▶ _What you should do_
The material below is to be copied exactly from the line with "Compra Playera de" up to and including the line with "The foil bag", with nothing else kept and no pictures.

Input data Start Marker

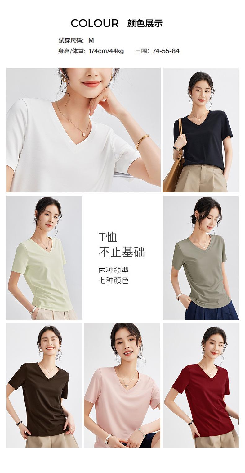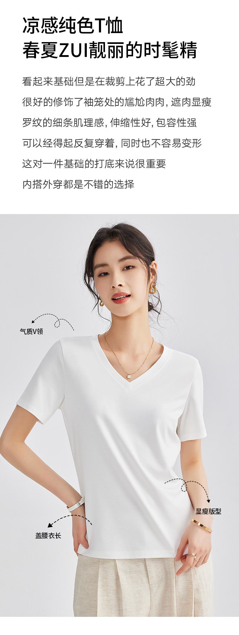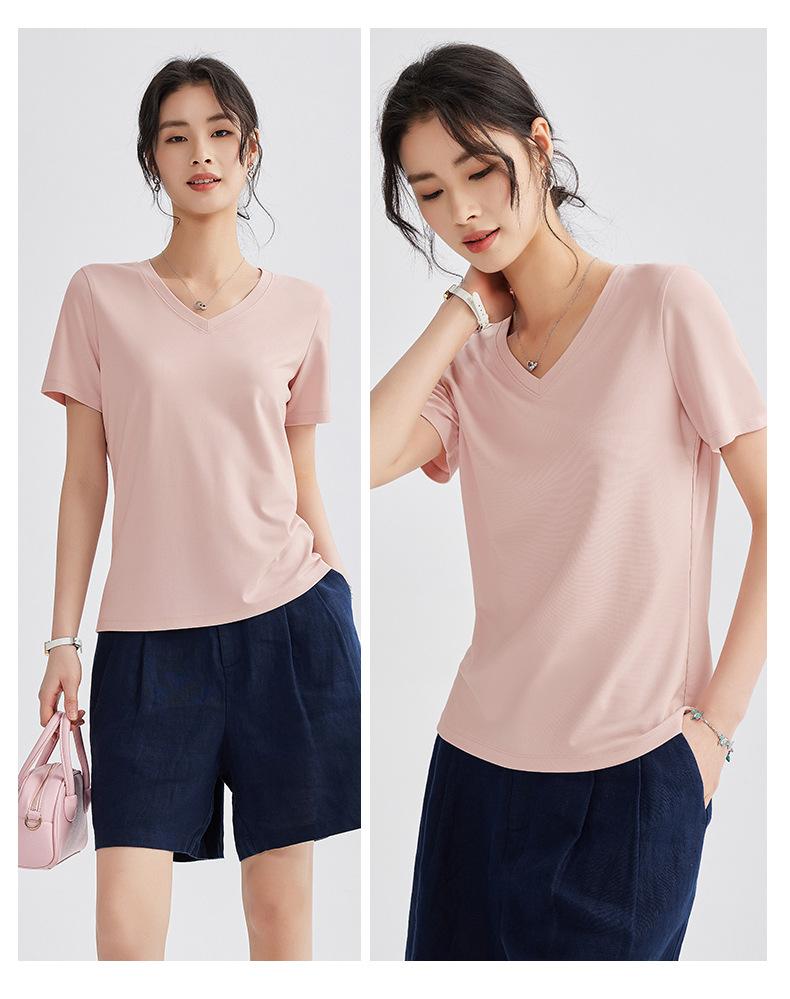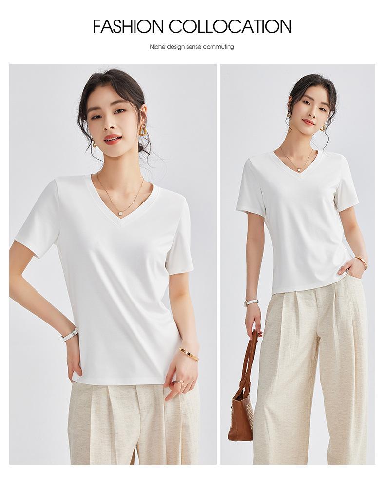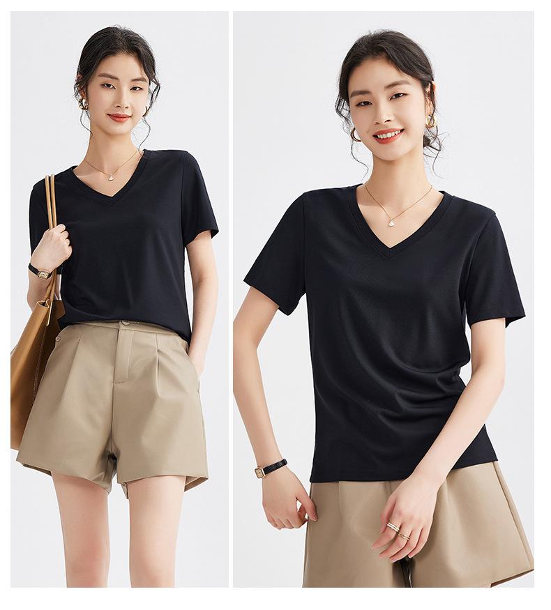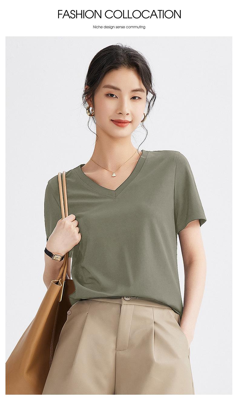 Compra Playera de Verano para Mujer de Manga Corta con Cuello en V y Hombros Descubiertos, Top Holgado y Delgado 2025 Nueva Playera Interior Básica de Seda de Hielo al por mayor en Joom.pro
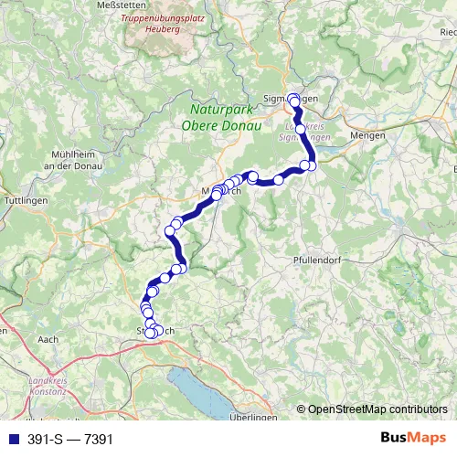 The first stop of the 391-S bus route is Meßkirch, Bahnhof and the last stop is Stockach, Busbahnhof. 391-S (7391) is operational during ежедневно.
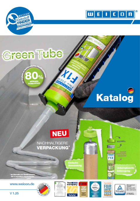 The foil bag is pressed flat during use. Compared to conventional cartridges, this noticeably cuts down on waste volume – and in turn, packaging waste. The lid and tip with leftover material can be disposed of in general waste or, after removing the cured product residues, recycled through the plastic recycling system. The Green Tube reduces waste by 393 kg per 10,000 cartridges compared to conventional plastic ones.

Input data End Marker
Input data Start Marker

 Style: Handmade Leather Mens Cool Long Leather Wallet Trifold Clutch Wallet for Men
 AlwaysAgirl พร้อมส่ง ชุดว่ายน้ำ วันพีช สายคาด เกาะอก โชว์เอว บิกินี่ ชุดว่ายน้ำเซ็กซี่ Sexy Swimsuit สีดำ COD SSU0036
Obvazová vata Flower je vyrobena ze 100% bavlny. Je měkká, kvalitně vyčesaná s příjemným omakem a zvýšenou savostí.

Input data End Marker
Input data Start Marker

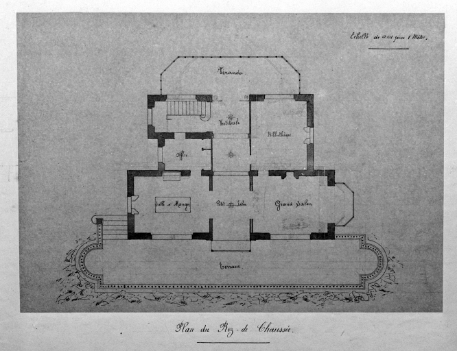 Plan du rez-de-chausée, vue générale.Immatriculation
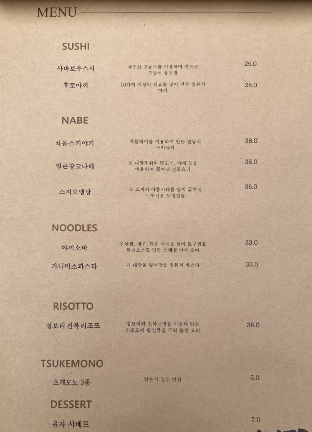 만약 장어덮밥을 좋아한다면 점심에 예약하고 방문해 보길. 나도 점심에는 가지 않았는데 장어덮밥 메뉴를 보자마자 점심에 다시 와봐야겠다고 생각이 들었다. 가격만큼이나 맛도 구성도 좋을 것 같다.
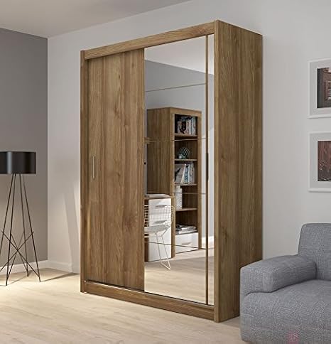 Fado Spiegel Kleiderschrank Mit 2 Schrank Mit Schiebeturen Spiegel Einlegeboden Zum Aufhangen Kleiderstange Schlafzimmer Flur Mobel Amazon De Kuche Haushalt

Input data End Marker

▶ _Problem solution_
 Compra Playera de Verano para Mujer de Manga Corta con Cuello en V y Hombros Descubiertos, Top Holgado y Delgado 2025 Nueva Playera Interior Básica de Seda de Hielo al por mayor en Joom.pro
 The first stop of the 391-S bus route is Meßkirch, Bahnhof and the last stop is Stockach, Busbahnhof. 391-S (7391) is operational during ежедневно.
 The foil bag is pressed flat during use. Compared to conventional cartridges, this noticeably cuts down on waste volume – and in turn, packaging waste. The lid and tip with leftover material can be disposed of in general waste or, after removing the cured product residues, recycled through the plastic recycling system. The Green Tube reduces waste by 393 kg per 10,000 cartridges compared to conventional plastic ones.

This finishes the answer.